As a leading global city with a high population density, Singapore is vulnerable to the introduction of biological threats. Initiating an early emergency response to such threats calls for the rapid identification of the causative agent. Researchers at Duke-NUS Medical School have shown that a bioaerosol sampling method, coupled with molecular diagnostics, was able to non-invasively collect and identify three respiratory viruses of public health importance on Singapore’s Mass Rapid Transit (MRT) network.
This is especially relevant to densely-populated countries like Singapore, which faces a heightened risk as a global trade and tourism hub. Few Singaporeans will have forgotten the impact of the SARS, H1N1 and MERS pandemics, which spread around the world with the help of international air travel. The most recent novel respiratory threat to global health is the newly emerged, highly pathogenic H7N9 influenza virus, currently circulating in birds and humans in mainland China. Singapore Changi Airport receives approximately 60,000 passengers from China per week – and there is recent evidence of airborne transmission of H7N9.
The study, conducted over a period of one year, collected aerosol samples during peak MRT ridership hours. To do this, the researchers used National Institute for Occupational Safety and Health (NIOSH) BC 251 2-stage aerosol samplers attached to personal backpacks carrying air pumps. Air was sampled from frequently-used MRT lines, specifically the East West Line and the North East Line. Molecular analyses revealed that some of the collected samples tested positive for adenovirus, influenza A virus and respiratory syncytial virus (RSV) type A.
“It is a novel achievement to successfully collect molecular evidence of multiple aerosolized respiratory viruses from Singapore’s MRT. Usually transit network studies focus on mapping surface-borne bacterial DNA and neglect to target aerosolized or respiratory-borne RNA viruses. Our study demonstrates that bioaerosol sampling might have a practical application for the detection of respiratory pathogens in crowded public areas, such as transportation systems. This is important in terms of pandemic preparedness, as a bioaerosol sampling system does not require the timely acquisition of ethical approvals and informed consent needed to collect individual samples from human subjects,” stated Dr. Gregory Gray, a Professor of the Duke-NUS Emerging Infectious Diseases (EID) Signature Research Programme and senior author of the study.

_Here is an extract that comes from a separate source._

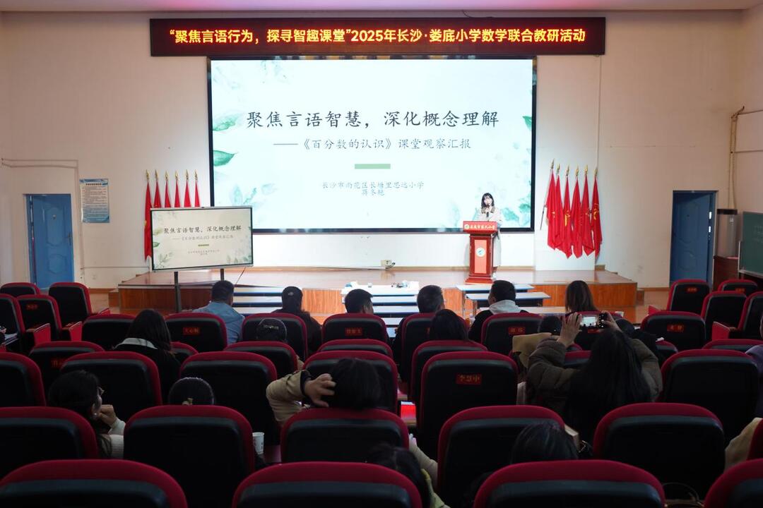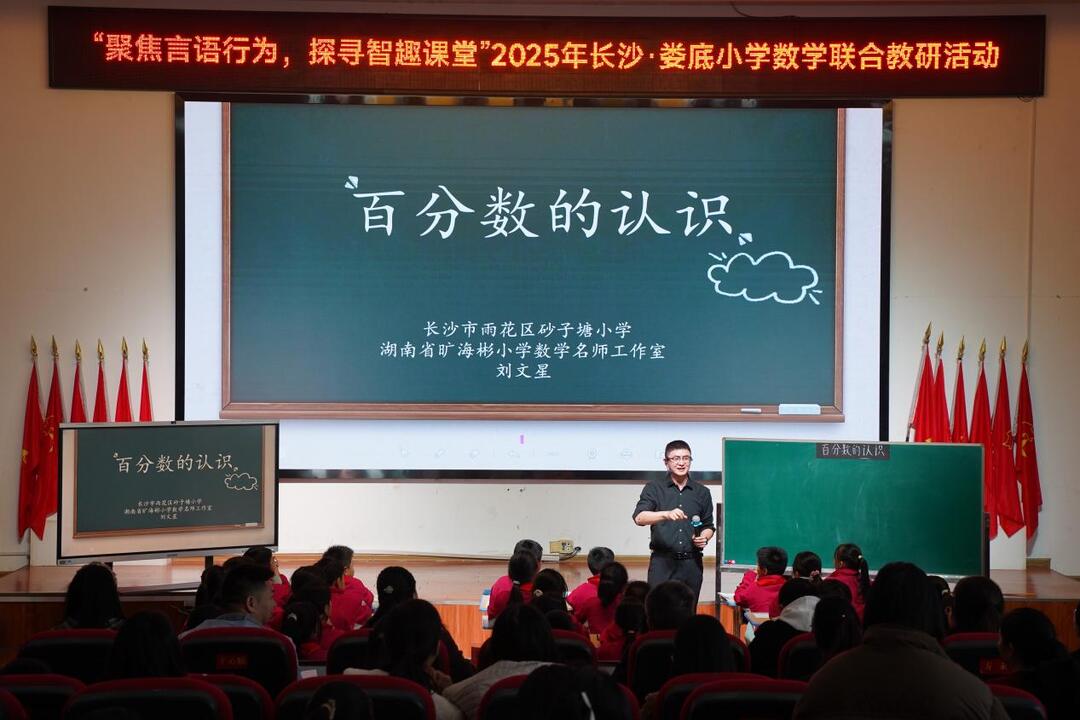 课例展示环节精彩纷呈。来自长沙市砂子塘新世界小学的谢珏老师执教三年级《分数的初步认识》,她紧扣学生认知起点,自然渗透分数本质;强化直观操作,分层建构概念意义;巧妙融入游戏互动,深化分数大小的认识。长沙雨花区砂子塘小学刘文星老师则带来六年级《百分数的认识》,他以“篮球比赛”真实情境贯穿全课,引导学生在数据分析中体会百分数的统计意义与应用价值,通过层层递进式问题激发孩子们的逻辑思维与创新意识。两节课均重视语言引导与思维启发,生动诠释“智趣课堂”构建理念,展现了教学创新的实践成果。

The findings support the possibility of employing bioaerosol samplers in crowded places to monitor respiratory viruses that could be circulating. Dr. Kristen Coleman, the study’s first author, envisioned that, in a future suspected or ongoing disease outbreak, such samplers could be immediately deployed in high-risk areas, yielding results within approximately eight hours, or even less if the samplers are proactively used to monitor high-risk areas. Proactive monitoring for respiratory viruses would also eliminate the risk of missing the time frame of exposure to pandemic viruses in high-risk areas and enable more robust disease surveillance.
The study authors caution more research is needed before bioaerosol sampling can be deployed to safeguard public health. “Before we can establish a distinct role for bioaerosol sampling in terms of pandemic surveillance, virus-specific controlled studies are needed to determine optimal sampling parameters for multiple respiratory viruses with pandemic potential,” said Dr. Coleman, who is a Research Fellow at Duke-NUS’ EID Signature Research Programme.
Nonetheless, they are hopeful their findings will advance not only the science but also the technology to improve bioaerosol sampling techniques.